• **Directions for this task**:
Skip the pictures. Output only the lines below starting at the line with "Vergezicht vanuit Tarabias" and ending at the line with "A la fotografia", both ends included, exactly as they are.

• **Information supplied**:
--------------------
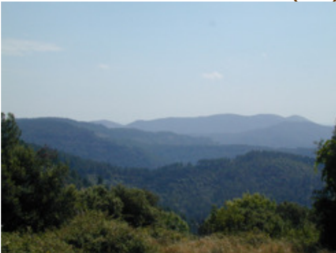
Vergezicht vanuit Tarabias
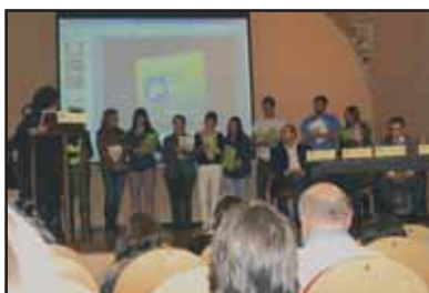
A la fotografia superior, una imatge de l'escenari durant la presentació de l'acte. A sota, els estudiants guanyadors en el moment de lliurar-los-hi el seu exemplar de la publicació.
--------------------
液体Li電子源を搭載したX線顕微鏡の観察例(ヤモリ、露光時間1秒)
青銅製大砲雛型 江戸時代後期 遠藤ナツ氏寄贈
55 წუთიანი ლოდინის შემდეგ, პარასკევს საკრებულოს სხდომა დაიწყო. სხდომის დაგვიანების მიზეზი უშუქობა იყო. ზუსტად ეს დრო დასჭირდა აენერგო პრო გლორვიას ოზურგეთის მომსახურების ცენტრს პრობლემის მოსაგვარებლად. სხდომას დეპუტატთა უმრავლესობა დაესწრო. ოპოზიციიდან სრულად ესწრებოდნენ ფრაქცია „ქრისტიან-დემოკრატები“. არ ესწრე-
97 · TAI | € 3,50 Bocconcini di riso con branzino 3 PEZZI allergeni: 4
--------------------
• **Response area**:
Vergezicht vanuit Tarabias
A la fotografia superior, una imatge de l'escenari durant la presentació de l'acte. A sota, els estudiants guanyadors en el moment de lliurar-los-hi el seu exemplar de la publicació.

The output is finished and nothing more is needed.